Intergenerational Trauma

What's Your Story?

April 29, 20242 min read

The stories we tell ourselves resonate at the core of our identities. They make up an existential playlist, and the playlist never stops. We have religious stories, family stories, and stories about money—and we live by them. 

Breaking big narratives when they confine and oppress us is the work of heroes. Pulling all the wires out of a master, population-wide narrative — and building something new — is at the heart of the radical action of MLK, Gandhi, Malala, Milk and Mandela.

What is the story you tell yourself that’s constraining you, confusing you, hurting you? Can you turn the volume down on it, and listen to the radical inside you—the one that says maybe the idea that I’m stupid, incompetent, evil, unlovable ? The one that can deconstruct and dissolve the stories that burden you — and those around you? 

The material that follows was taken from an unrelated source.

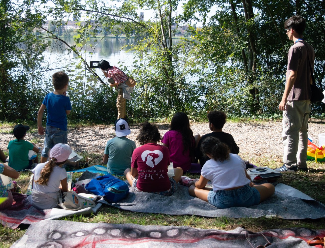 Spesso il punto di partenza delle domande che l’artista rivolge ai suoi uditori sono albi illustrati, da contemplare, interrogare e rappresentare insieme servendosi degli strumenti del mestiere: matite, acquerelli, tempere e pastelli. Questa volta, invece, a stimolare i più piccoli sono l’erba ancora umida di rugiada e i suoi abitanti, un rametto spezzato, una foglia mangiucchiata o la vista spettacolare su Mantova di cui si gode dalla riva opposta del Mincio. Non è una lezione di disegno, ma un’esperienza diretta della natura quella che l’artista intende regalare. Un’esperienza lontana dal caos e dall’inquinamento della città, ma anche dalle sue comodità. Eppure, i bambini non sembrano accorgersi che la terra è irregolare, l’aria umida o il sole già caldo, perché sono troppo presi dalla ricerca del soggetto del loro disegno. «Potete anche alzarvi, muovervi, cercare…», li incoraggia Baboni, offrendo loro uno strumento che tira fuori dal suo zaino come un coniglio da un cilindro: l’inquadratorio. Non si tratta altro, in realtà, di un cartoncino nero con un ritaglio rettangolare al centro, che serve a mettere meglio a fuoco il proprio sguardo, ma nella sua semplicità trasmette ai piccoli artisti l’importanza di scegliere su cosa concentrarsi e, allo stesso tempo, il valore della condivisione. Per il resto, i bambini non hanno a disposizione che un foglio e una matita. «Avete solo delle matite, ma le matite possono fare tantissimo, possono anche colorare, fare delle sfumature dal nero al grigio», spiega l’artista, e per un’ora e mezza questo sembra abbastanza per stare bene.
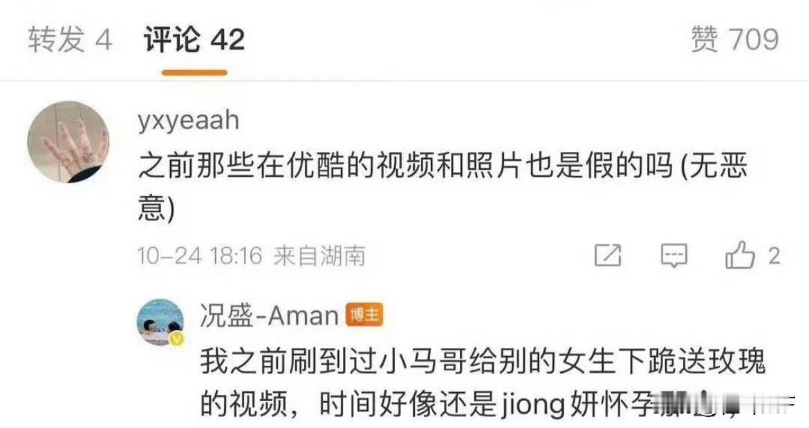 《爸爸当家》中的况盛又出来作妖了,之前因为和马杨一家的合体被关注,后面况盛因为和马杨家的联名款衣服产生矛盾后被扒一些负面,况盛不惜把的女儿拉出来挡枪,现在马君妍官宣怀二胎,他又出来说马杨给别的女生下跪送玫瑰花,还是在马君妍怀孕那会?有证据吗?原先在《爸爸当家》说祝马君妍早日怀上二胎,现在怀了二胎就这样说,这安的什么心?做人可千万不要为了博取流量连底线都没了吧!况盛把在《爸爸当家》里好感都败没了。

It’s not easy work. But none of us is helpless. We all have within the capacity for transformation — if we are ready to talk to the parts of ourselves that have been burdened by trauma and stories.  

My client Elise, a novelist, has long told herself the story that she’s not beautiful like her mother. The story feels so binding that she told me she’s powerless to doubt it: Her mother is beautiful and she, the drab daughter, is an utter disappointment.

Opening up just a micron of doubt about this story was possible once we connected with Elise’s protective parts — the ones that needed to second her mother’s vanity, as well as her mother’s idea that beauty is a woman’s most important possession and achievement. Elisa had participated in this story, and embellished it, because she wanted to make sure her mother kept winning at something so important to her. 

And the micron grew. She started to doubt a story that had been so grooved in that it had determined much of her life. The skepticism became a superpower. And the story came undone before her eyes. 

Within a month of confronting the stubborn story, Elise relaxed into her own beauty for the first time. Sounds small? It was radical.